Wednesday, November 08, 2006

"Housing price collapse in two years"

From the Central Valley Business Times:

Newsletter: Housing bubble hasn’t even gotten here

• Predicts housing price collapse in two years
• ‘Homeowners are in denial’

The author of an investment newsletter says any real bursting of the U.S. housing bubble it at least two years away and that the current price and selling setbacks are nothing compared to what is likely to happen.

"Homeowners are in denial," says Karim Rahemtulla, an advisory panelist for Investment U, a newsletter based in Baltimore, Md. "Right now, sellers aren't selling ... They're still waiting for Santa to deliver their asking price, or close to it."

The situation is about to get worse, he says.

Those who have interest-only, or "teaser-rate," mortgages could see their monthly payments more than double, Mr. Rahemtulla contends.

"Interest rates will rise on about $300 billion in adjustable-rate mortgages this year alone," he says. "That figure is projected to skyrocket to more than $1 trillion in each of the next two years."

California, Arizona, Nevada and Florida will be hit particularly hard, he says, and homeowners in these states may not see a 5 percent decline, as experts predict, "but could fall two or three times that number."

Homebuilders are feeling the pinch, too.

According to Mr. Rahemtulla, the bottom of the housing market will be here no sooner than two years.

"So while the brokers are upgrading homebuilding stocks," he says, "and trying to make it seem that the worst is over for housing, my advice is to take the first reasonable offer and count yourself lucky. The housing bust is not today's news. It is going to be tomorrow's."

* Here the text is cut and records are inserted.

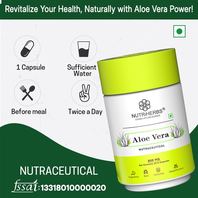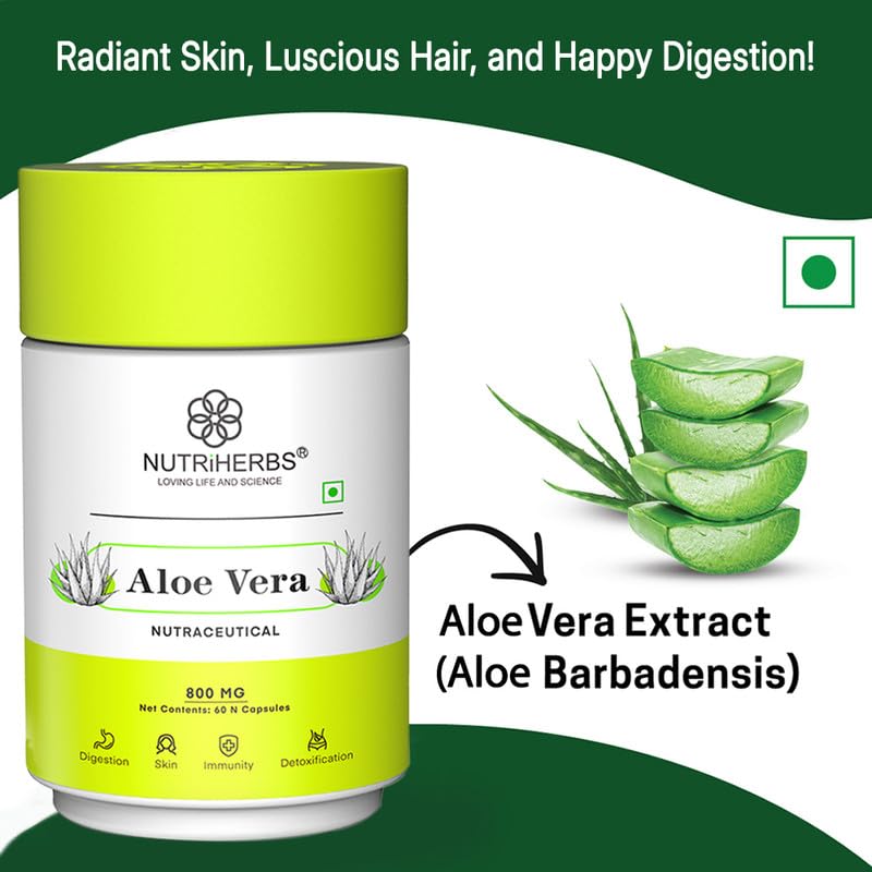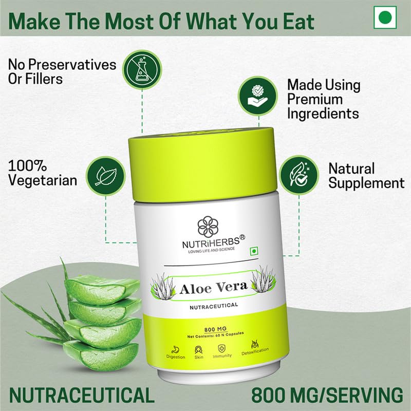 • Nutriherbs Aloe Vera extract capsules are made in India & free from harmful fillers. These capsules should be consumed twice daily with lukewarm water for best results. These healthy capsules are organic and highly effective & may contribute towards a bet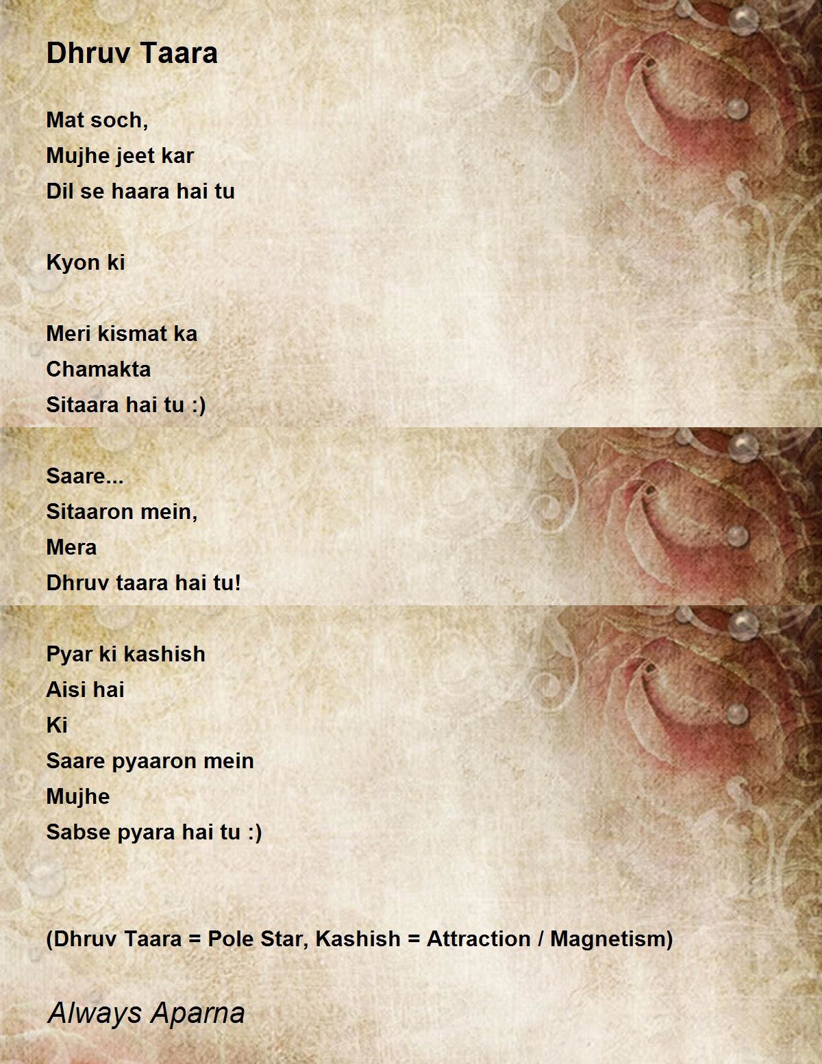 (Dhruv Taara = Pole Star, Kashish = Attraction / Magnetism)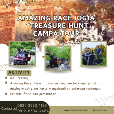 Aktivitas Amazing Race di Jogja menawarkan beragam kegiatan menarik dengan berbagai pilihan lokasi. Campa Tour & Event, sebagai penyelenggara, memiliki beberapa konsep Amazing Race yang dapat disesuaikan dengan kebutuhan peserta. Salah satunya adalah konsep “Treasure Hunt”, di mana peserta akan diberikan tantangan untuk merangkai peta dan menemukan harta karun yang hilang di antara reruntuhan candi.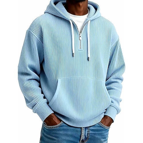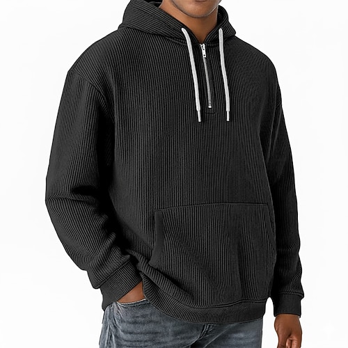 Per uomo Felpa con cappuccio Velluto a coste Felpa con cappuccio e zip corta Aalbicocca Rosso bordeaux Nero Bianco Blu marino Con Cappuccio Semplice Tasca a marsupio Testurizzato Casuale Quotidiano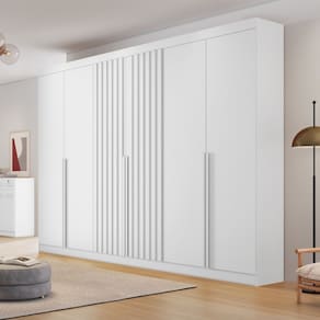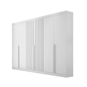 Guarda Roupa Casal Ripado 6 Portas em MDF Siena Bianchi O Guarda Roupa Siena combina qualidade e praticidade em um só móvel. Fabricado com matéria-prima de primeira, 100 MDF e estrutura reforçada de 15mm, ele oferece um amplo espaço interno dividido no sistema ELE e ELA, ideal para organizar suas roupas de forma eficiente. Com seis portas, sendo duas ripadas ao centro, e seis gavetas internas com corrediças telescópicas, garante facilidade de acesso e organização. As costas inteiras proporcionam maior durabilidade, enquanto o nicho organizador com três prateleiras centrais bem distribuídas oferece espaço para itens variados e roupas longas. Além disso, conta com cabideiros em alumínio e puxadores em madeira envelopada, combinando funcionalidade com elegância.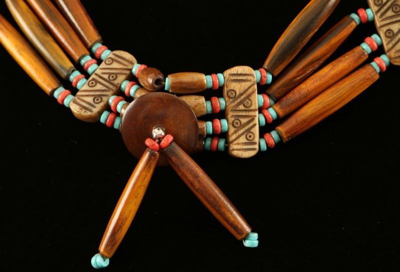 Turquoise and coral beads with etched and stained bone slabs and stained bone hairpipe tubes. About 13 1/2" long by Navajo Sharon Joe.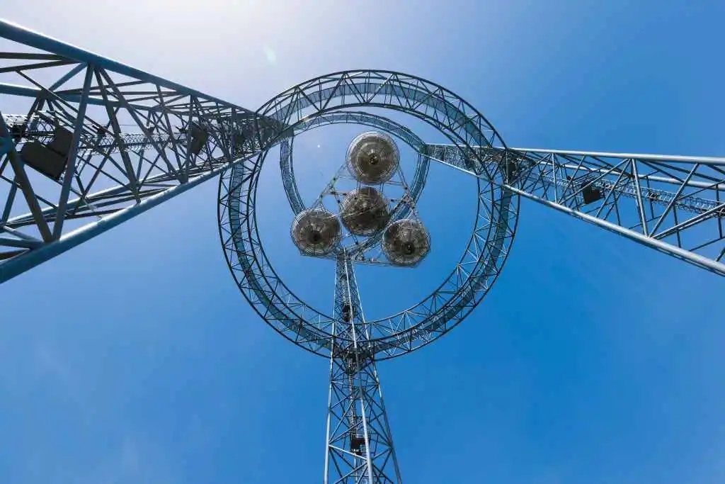 “逐日工程”空间太阳能电站地面验证系统位于西电南校区,其支撑塔为75m高的钢结构,验证系统主要包括五大子系统:欧米伽聚光与光电转换、电力传输与管理、射频发射天线、接收与整流天线、控制与测量。其工作原理,首先是根据太阳高度角确定聚光镜需要倾斜的角度,在接收到聚光镜反射的太阳光后,位于聚光镜中心的光伏电池阵,将其转化为直流电能。随后,通过电源管理模块,四个聚光系统转换得到的电能汇聚到中间发射天线,经过振荡器和放大器等模块,电能被进一步转化为微波,利用无线传输的形式发射到接收天线。最后,接收天线将微波整流再次转换成直流电,供给负载。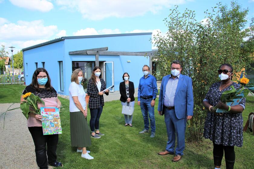 Nach der Doppelvertragsunterzeichnung für die Trägerschaftsübernahme, hatten Johanniter-Regionalvorstand Martin Steinkirchner und Sylvia Meyer, Sachgebietsleitung für Kindereinrichtungen in Regensburg, eine nette Überraschung vorbereitet und überreichten den dortigen Kita-Teams Blumen.

Mr. Rahemtulla is an equal opportunity bubble-popper. He says the Canadian housing market will see its bubble pop, too, just after the U.S. market.


Sunday, November 05, 2006

Real estate always goes up!

According to this blogger named golfnut on the Bakersfield Californian web site, real estate always goes up:

"Clearly, you're a believer in the "bubble", however, consider one thing - real estate always goes up. Always."

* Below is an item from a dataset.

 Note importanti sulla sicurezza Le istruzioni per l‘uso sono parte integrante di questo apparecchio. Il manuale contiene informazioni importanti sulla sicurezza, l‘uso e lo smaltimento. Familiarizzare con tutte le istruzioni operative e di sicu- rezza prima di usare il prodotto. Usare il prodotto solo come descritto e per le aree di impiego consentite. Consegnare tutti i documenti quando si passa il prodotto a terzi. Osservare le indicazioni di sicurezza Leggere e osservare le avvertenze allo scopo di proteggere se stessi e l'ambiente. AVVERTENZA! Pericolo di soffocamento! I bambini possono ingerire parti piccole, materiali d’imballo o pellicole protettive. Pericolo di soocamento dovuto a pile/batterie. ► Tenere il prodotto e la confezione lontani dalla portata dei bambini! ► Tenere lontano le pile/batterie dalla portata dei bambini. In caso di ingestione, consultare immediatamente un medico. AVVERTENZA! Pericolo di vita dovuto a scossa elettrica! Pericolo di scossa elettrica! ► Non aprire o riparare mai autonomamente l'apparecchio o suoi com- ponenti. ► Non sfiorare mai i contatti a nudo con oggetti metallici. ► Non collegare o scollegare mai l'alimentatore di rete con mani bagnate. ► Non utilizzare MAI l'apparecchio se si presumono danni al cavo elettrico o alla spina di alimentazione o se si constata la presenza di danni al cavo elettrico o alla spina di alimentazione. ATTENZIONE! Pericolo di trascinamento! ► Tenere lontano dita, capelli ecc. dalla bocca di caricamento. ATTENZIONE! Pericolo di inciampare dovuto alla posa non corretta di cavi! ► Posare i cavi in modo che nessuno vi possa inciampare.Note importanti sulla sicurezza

Read more of this insanity at:


Thursday, November 02, 2006

Bakersfield will now be called Pluto from this point forward!

Fed's Fisher: Housing Bust Complicates Fed's Task

Dallas Fed President Richard W. Fisher spoke today in New York: Confessions of a Data Dependent :

In retrospect, [in 2002 and 2003] the real fed funds rate turned out to be lower than what was deemed appropriate at the time and was held lower longer that it should have been. In this case, poor data led to a policy action that amplified speculative activity in the housing and other markets. Today, as anybody not from the former planet of Pluto knows, the housing market is undergoing a substantial correction and inflicting real costs to millions of homeowners across the country. It is complicating the task of achieving our monetary
objective of creating the conditions for sustainable non-inflationary growth.

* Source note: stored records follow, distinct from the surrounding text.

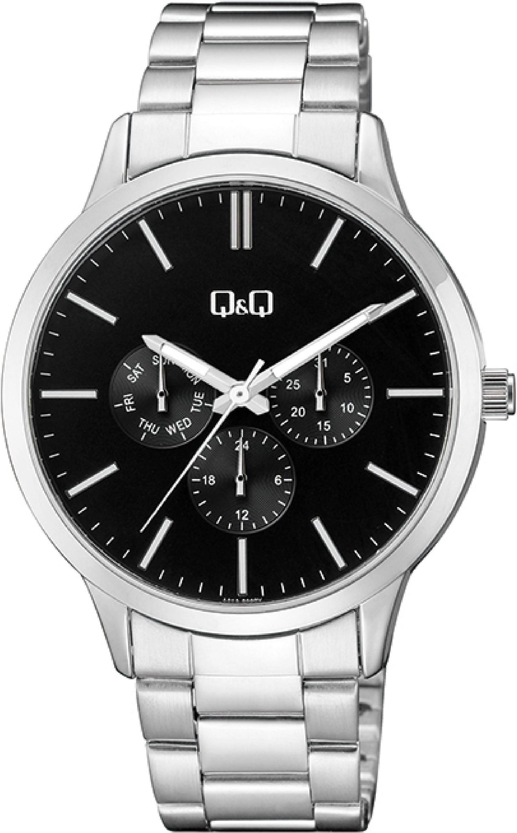 Мужские наручные часы Q&Q Casual A01AJ003Y. Точный кварцевый механизм с аналоговой индикацией. Браслет из нержавеющей стали. Отображение времени возможно в 12-часовом или 24-часовом формате. Латунный браслет. Прочное, устойчивое к царапинам минеральное стекло защищает часы от повреждений. На циферблате отображается текущее число месяца и день недели. Часы являются водонепроницаемыми до 5 Бар. Цвет циферблата: Серебристый. Цвет корпуса: Черный. На стрелки и отметки нанесен светонакопительный состав, благодаря этому считывать информацию с циферблата возможно и в темноте. Толщина: 10 мм. Гарантия: 1 год.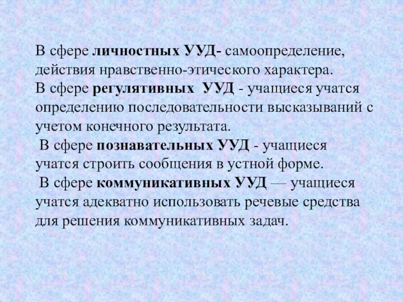 В сфере личностных УУД- самоопределение, действия нравственно-этического характера.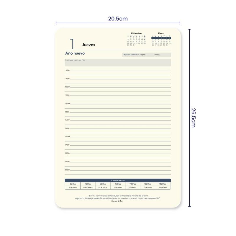 Organiza tus días con la agenda Júpiter Azul Marino KP, una herramienta que equilibra elegancia, funcionalidad y sostenibilidad. Con 400 páginas en formato diario, papel crema de 60 g/m² y frases motivacionales, es ideal para planificar con estilo. Sus bordes dorados y tapas de biocuero reflejan lujo y durabilidad. Además, comprometidos con el medio ambiente, contribuimos al manejo forestal responsable y contamos con las certificaciones FSC A000511, ISO 9001:2015 e ISO 14001:2015. Incluye planeadores mensuales y anuales, perfectos para gestionar tu vida profesional y personal. ¡Haz cada día memorable con esta agenda diseñada para el éxito! Hazlo fácil, hazlo rápido, hazlo tuyo.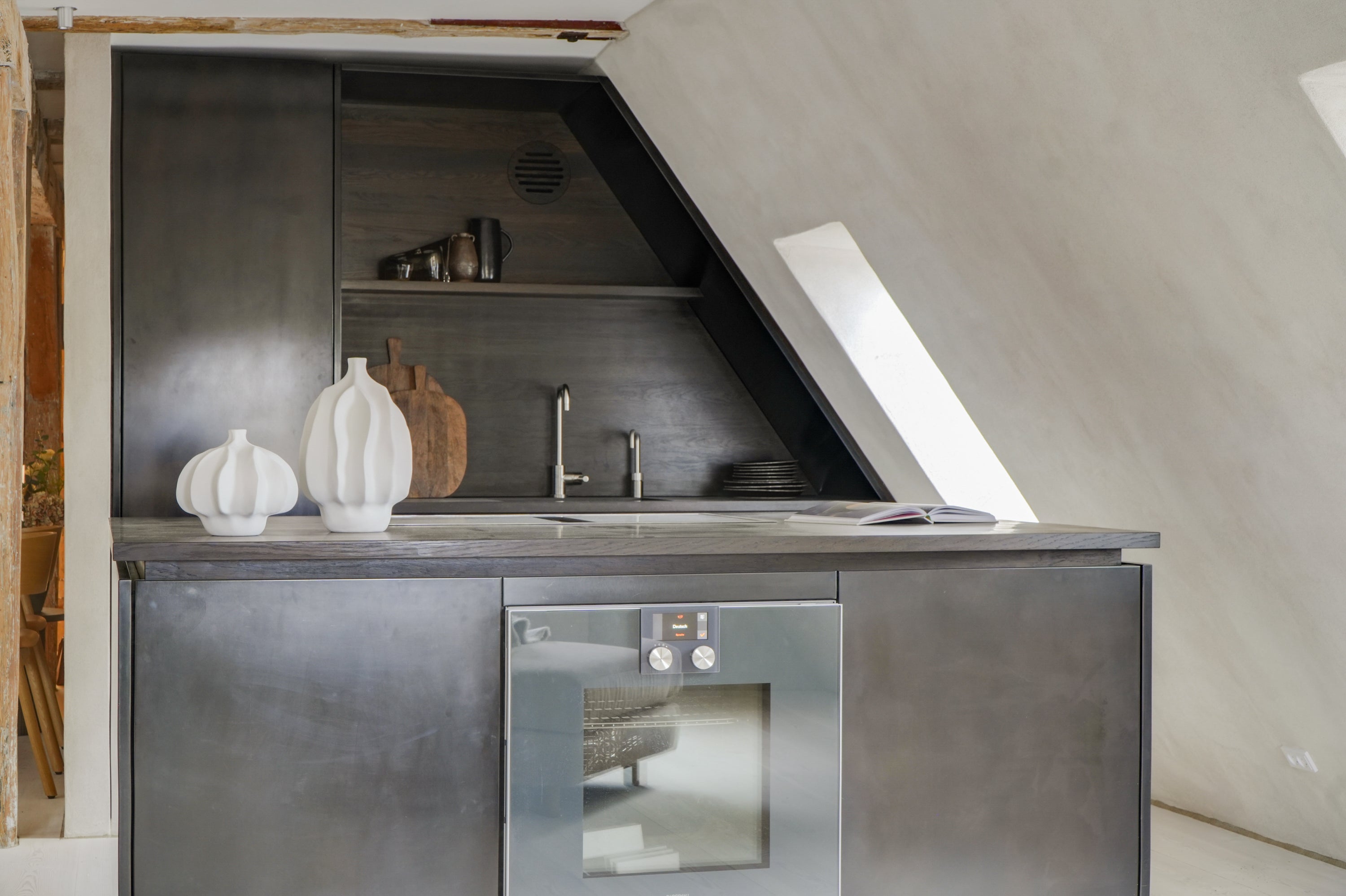 Køkkenet er holdt stilrent med få udvalgte detaljer, der tilfører liv til rummet. Enkle elementer skaber varme og balance, samtidig med at køkkenets rene linjer og funktionelle design bevares.

So these clowns admit they F'd up and kept rates WAY TOO LOW for WAY TOO LONG! Too late to act now and prevent the coming disaster. Time to break out the mops and pails and get ready for the biggest clean up job in history!

Meanwhile back on the planet PLUTO. The Bakersfield Californian has a story out claiming, for the N'th time we are "Different".

Prices might dip next year, but Bakersfield will still have a lot going for it -- a growing population, affordability and a self-sufficient economy, Launer said.

"Developers are anticipating a resurgence in the market in Bakersfield," he said

That may be because builders are biding their time until the market picks back up, Launer said.

"Developers want to be ready," he said. "They want to be able to hit the market in stride

Wednesday, November 01, 2006

$3.6 million

This is the most expensive home listed on the Bakersfield MLS. Will they get their price or are they smoking something?

Is this news or advertising?

This appeared in the newspaper and is now posted in video format on the web. Not sure if this is news or an advertisement? Are newspaper required to DISCLOSE when an section of the newspaper is an advertisement? I thought they were - if so, they choose not to do that in this instance!